--- Records supplied ---

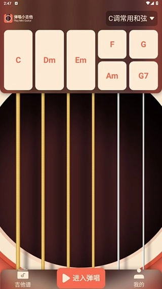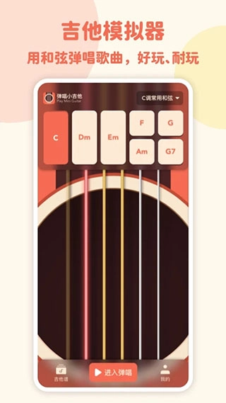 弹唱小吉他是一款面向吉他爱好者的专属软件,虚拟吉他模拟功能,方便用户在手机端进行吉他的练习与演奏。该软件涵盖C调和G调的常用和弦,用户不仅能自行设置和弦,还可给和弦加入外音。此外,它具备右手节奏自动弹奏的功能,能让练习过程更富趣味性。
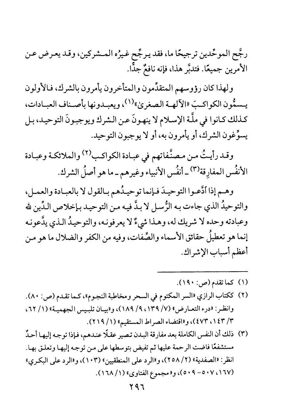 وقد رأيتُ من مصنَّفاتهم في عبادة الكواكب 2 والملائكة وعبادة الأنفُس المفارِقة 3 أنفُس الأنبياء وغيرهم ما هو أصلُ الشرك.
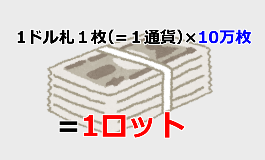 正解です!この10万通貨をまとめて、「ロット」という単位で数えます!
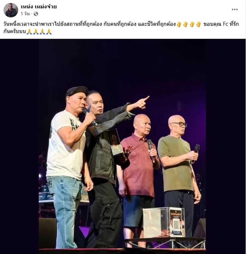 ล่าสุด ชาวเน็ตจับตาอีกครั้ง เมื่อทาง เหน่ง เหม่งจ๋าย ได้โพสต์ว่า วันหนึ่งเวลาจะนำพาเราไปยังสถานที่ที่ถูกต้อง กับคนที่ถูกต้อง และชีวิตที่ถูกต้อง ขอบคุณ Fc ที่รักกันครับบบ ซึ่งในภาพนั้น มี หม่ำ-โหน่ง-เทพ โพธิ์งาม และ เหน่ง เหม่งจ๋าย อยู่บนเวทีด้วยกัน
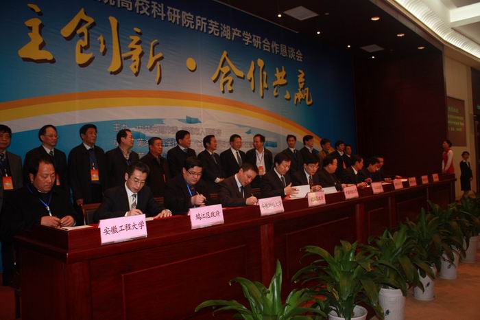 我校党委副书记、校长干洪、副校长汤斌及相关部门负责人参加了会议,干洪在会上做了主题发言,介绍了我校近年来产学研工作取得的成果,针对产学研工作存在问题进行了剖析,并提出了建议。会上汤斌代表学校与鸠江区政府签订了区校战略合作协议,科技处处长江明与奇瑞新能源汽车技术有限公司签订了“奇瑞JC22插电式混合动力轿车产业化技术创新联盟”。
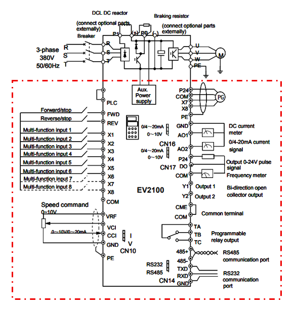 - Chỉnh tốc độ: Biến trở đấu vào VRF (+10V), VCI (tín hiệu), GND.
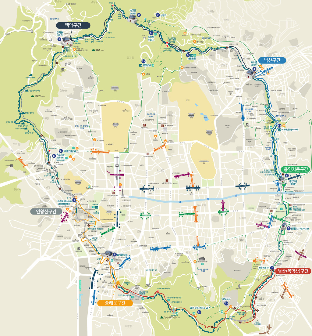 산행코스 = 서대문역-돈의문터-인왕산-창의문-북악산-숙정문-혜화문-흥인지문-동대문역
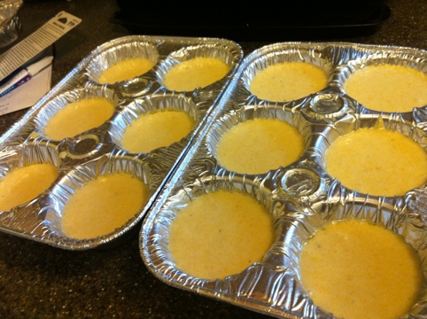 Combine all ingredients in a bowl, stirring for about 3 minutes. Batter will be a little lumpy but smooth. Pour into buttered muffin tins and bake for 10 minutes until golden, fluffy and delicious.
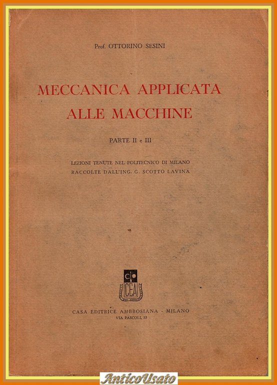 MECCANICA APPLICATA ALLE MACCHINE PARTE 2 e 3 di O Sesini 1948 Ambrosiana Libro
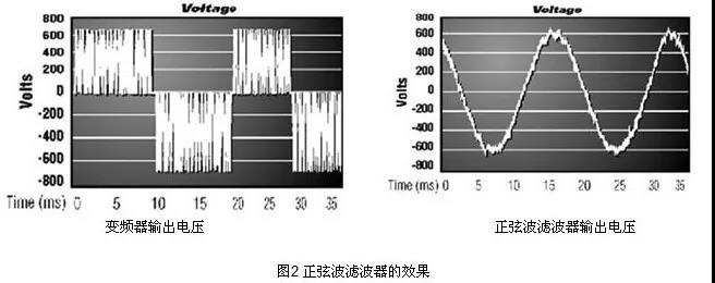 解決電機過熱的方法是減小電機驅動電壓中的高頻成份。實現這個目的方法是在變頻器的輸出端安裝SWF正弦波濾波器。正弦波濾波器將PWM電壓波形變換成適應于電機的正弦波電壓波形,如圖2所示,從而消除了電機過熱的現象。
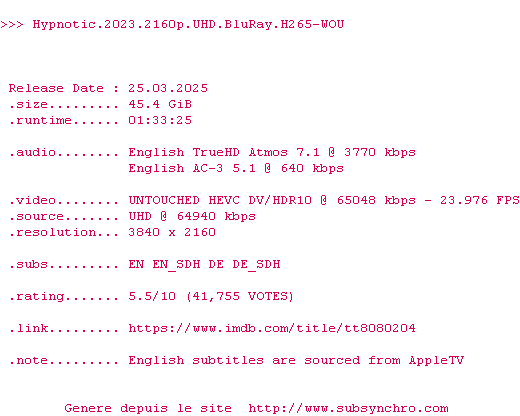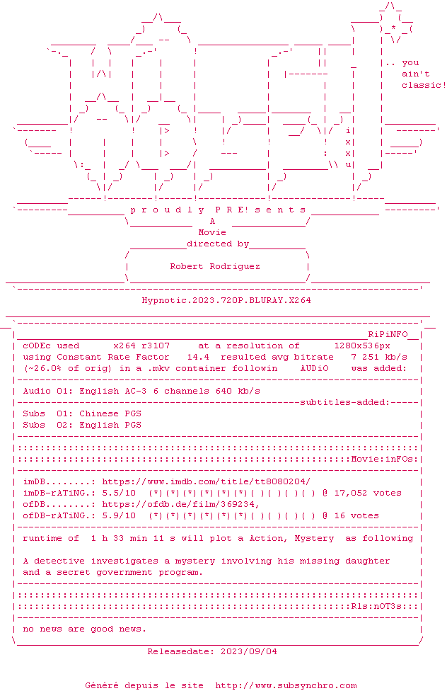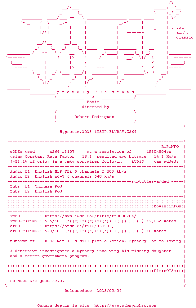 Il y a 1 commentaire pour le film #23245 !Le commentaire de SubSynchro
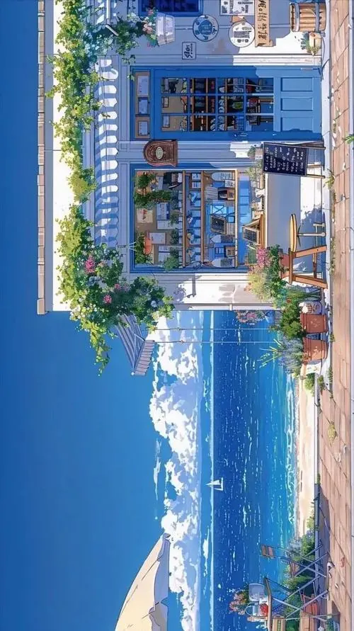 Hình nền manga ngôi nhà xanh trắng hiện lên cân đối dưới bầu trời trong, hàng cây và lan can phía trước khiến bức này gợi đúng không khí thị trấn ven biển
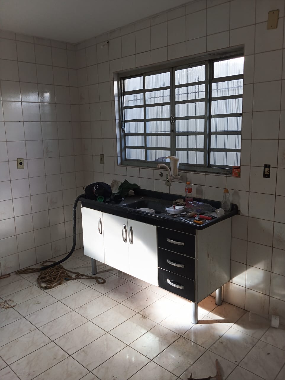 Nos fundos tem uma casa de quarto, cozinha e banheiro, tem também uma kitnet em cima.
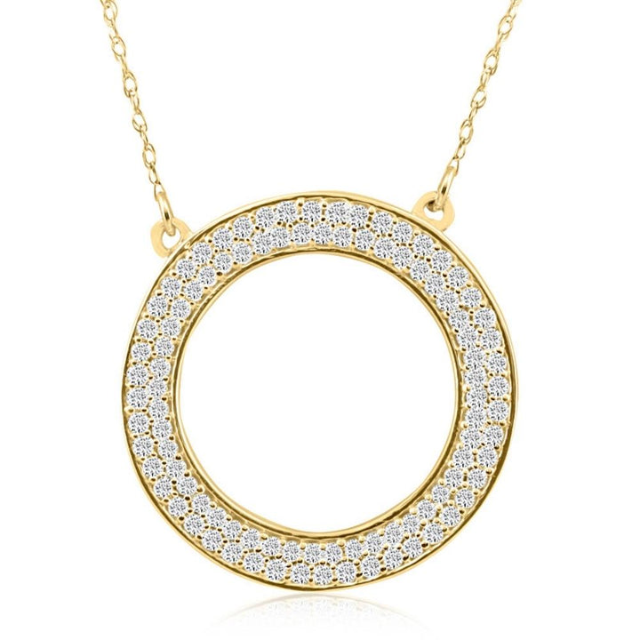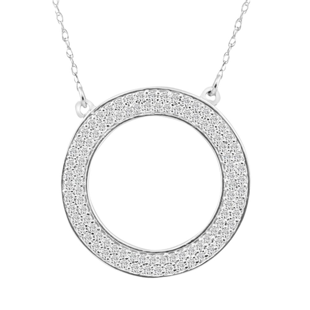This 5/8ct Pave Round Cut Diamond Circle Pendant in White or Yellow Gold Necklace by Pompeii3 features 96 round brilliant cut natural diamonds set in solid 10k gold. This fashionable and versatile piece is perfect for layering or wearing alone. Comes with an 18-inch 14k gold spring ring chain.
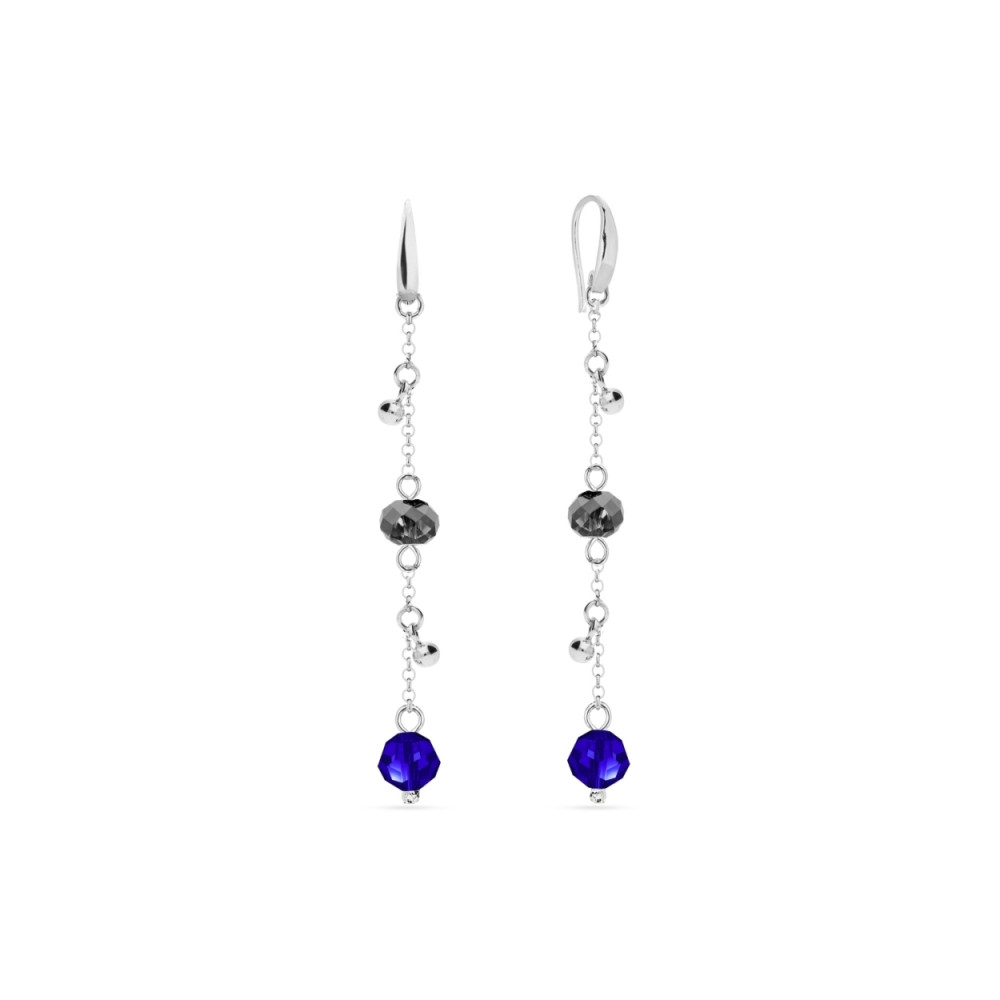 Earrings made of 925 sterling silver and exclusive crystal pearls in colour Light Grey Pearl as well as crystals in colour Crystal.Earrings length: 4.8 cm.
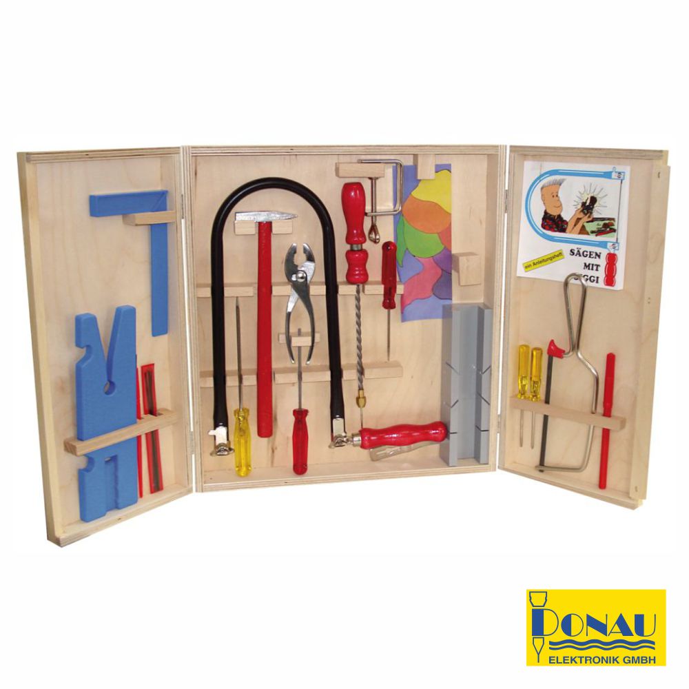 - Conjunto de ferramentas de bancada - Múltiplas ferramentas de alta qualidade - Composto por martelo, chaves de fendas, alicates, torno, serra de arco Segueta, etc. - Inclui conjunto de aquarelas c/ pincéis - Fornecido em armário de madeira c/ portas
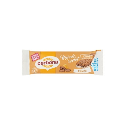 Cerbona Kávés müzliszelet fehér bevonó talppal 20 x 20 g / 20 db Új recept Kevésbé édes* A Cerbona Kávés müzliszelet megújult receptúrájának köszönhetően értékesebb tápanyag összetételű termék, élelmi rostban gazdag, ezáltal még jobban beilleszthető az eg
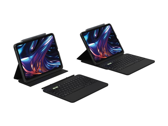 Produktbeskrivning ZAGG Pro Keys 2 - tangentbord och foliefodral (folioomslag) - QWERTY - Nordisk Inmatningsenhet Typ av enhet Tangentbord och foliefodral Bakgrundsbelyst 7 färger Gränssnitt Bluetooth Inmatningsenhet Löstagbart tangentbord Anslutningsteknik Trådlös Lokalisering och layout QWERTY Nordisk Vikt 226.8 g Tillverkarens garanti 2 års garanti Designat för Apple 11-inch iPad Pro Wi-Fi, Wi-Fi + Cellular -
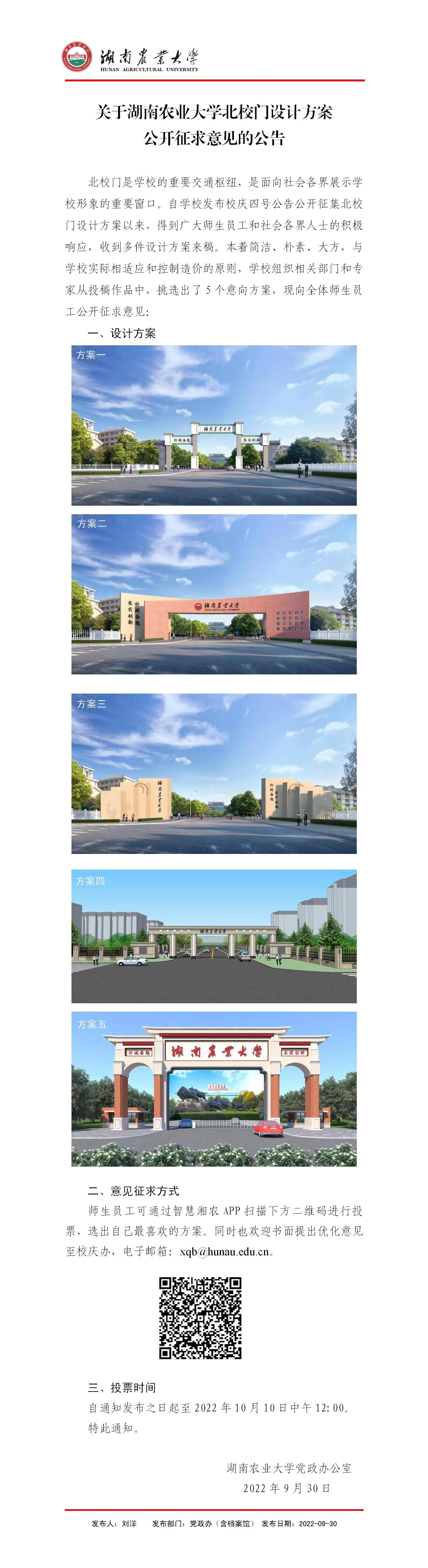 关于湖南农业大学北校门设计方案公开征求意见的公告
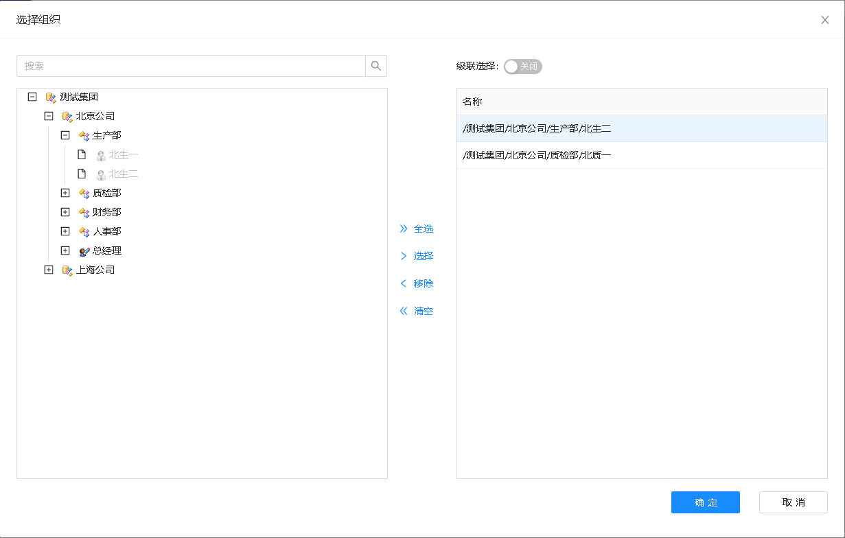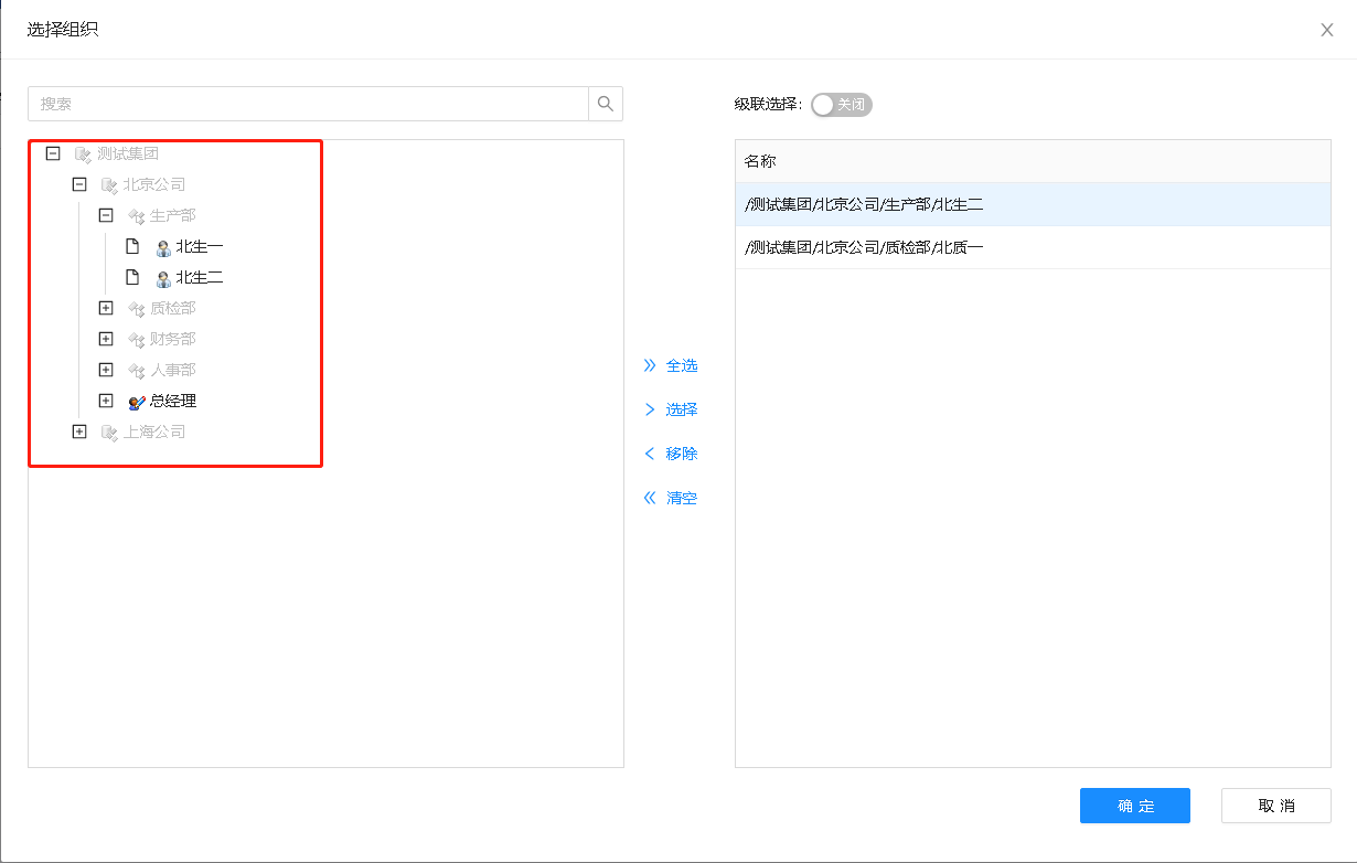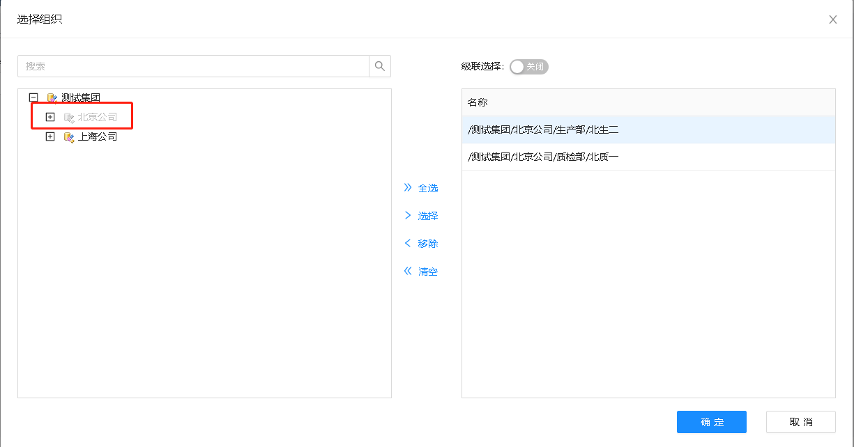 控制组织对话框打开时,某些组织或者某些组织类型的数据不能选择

---

Images are to be omitted; repeat the remaining data above exactly.

 弹唱小吉他是一款面向吉他爱好者的专属软件,虚拟吉他模拟功能,方便用户在手机端进行吉他的练习与演奏。该软件涵盖C调和G调的常用和弦,用户不仅能自行设置和弦,还可给和弦加入外音。此外,它具备右手节奏自动弹奏的功能,能让练习过程更富趣味性。
 وقد رأيتُ من مصنَّفاتهم في عبادة الكواكب 2 والملائكة وعبادة الأنفُس المفارِقة 3 أنفُس الأنبياء وغيرهم ما هو أصلُ الشرك.
 正解です!この10万通貨をまとめて、「ロット」という単位で数えます!
 ล่าสุด ชาวเน็ตจับตาอีกครั้ง เมื่อทาง เหน่ง เหม่งจ๋าย ได้โพสต์ว่า วันหนึ่งเวลาจะนำพาเราไปยังสถานที่ที่ถูกต้อง กับคนที่ถูกต้อง และชีวิตที่ถูกต้อง ขอบคุณ Fc ที่รักกันครับบบ ซึ่งในภาพนั้น มี หม่ำ-โหน่ง-เทพ โพธิ์งาม และ เหน่ง เหม่งจ๋าย อยู่บนเวทีด้วยกัน
 我校党委副书记、校长干洪、副校长汤斌及相关部门负责人参加了会议,干洪在会上做了主题发言,介绍了我校近年来产学研工作取得的成果,针对产学研工作存在问题进行了剖析,并提出了建议。会上汤斌代表学校与鸠江区政府签订了区校战略合作协议,科技处处长江明与奇瑞新能源汽车技术有限公司签订了“奇瑞JC22插电式混合动力轿车产业化技术创新联盟”。
 - Chỉnh tốc độ: Biến trở đấu vào VRF (+10V), VCI (tín hiệu), GND.
 산행코스 = 서대문역-돈의문터-인왕산-창의문-북악산-숙정문-혜화문-흥인지문-동대문역
 Combine all ingredients in a bowl, stirring for about 3 minutes. Batter will be a little lumpy but smooth. Pour into buttered muffin tins and bake for 10 minutes until golden, fluffy and delicious.
 MECCANICA APPLICATA ALLE MACCHINE PARTE 2 e 3 di O Sesini 1948 Ambrosiana Libro
 解決電機過熱的方法是減小電機驅動電壓中的高頻成份。實現這個目的方法是在變頻器的輸出端安裝SWF正弦波濾波器。正弦波濾波器將PWM電壓波形變換成適應于電機的正弦波電壓波形,如圖2所示,從而消除了電機過熱的現象。
 Il y a 1 commentaire pour le film #23245 !Le commentaire de SubSynchro
 Hình nền manga ngôi nhà xanh trắng hiện lên cân đối dưới bầu trời trong, hàng cây và lan can phía trước khiến bức này gợi đúng không khí thị trấn ven biển
 Nos fundos tem uma casa de quarto, cozinha e banheiro, tem também uma kitnet em cima.
This 5/8ct Pave Round Cut Diamond Circle Pendant in White or Yellow Gold Necklace by Pompeii3 features 96 round brilliant cut natural diamonds set in solid 10k gold. This fashionable and versatile piece is perfect for layering or wearing alone. Comes with an 18-inch 14k gold spring ring chain.
 Earrings made of 925 sterling silver and exclusive crystal pearls in colour Light Grey Pearl as well as crystals in colour Crystal.Earrings length: 4.8 cm.
 - Conjunto de ferramentas de bancada - Múltiplas ferramentas de alta qualidade - Composto por martelo, chaves de fendas, alicates, torno, serra de arco Segueta, etc. - Inclui conjunto de aquarelas c/ pincéis - Fornecido em armário de madeira c/ portas
 Cerbona Kávés müzliszelet fehér bevonó talppal 20 x 20 g / 20 db Új recept Kevésbé édes* A Cerbona Kávés müzliszelet megújult receptúrájának köszönhetően értékesebb tápanyag összetételű termék, élelmi rostban gazdag, ezáltal még jobban beilleszthető az eg
 Produktbeskrivning ZAGG Pro Keys 2 - tangentbord och foliefodral (folioomslag) - QWERTY - Nordisk Inmatningsenhet Typ av enhet Tangentbord och foliefodral Bakgrundsbelyst 7 färger Gränssnitt Bluetooth Inmatningsenhet Löstagbart tangentbord Anslutningsteknik Trådlös Lokalisering och layout QWERTY Nordisk Vikt 226.8 g Tillverkarens garanti 2 års garanti Designat för Apple 11-inch iPad Pro Wi-Fi, Wi-Fi + Cellular -
 关于湖南农业大学北校门设计方案公开征求意见的公告
 控制组织对话框打开时,某些组织或者某些组织类型的数据不能选择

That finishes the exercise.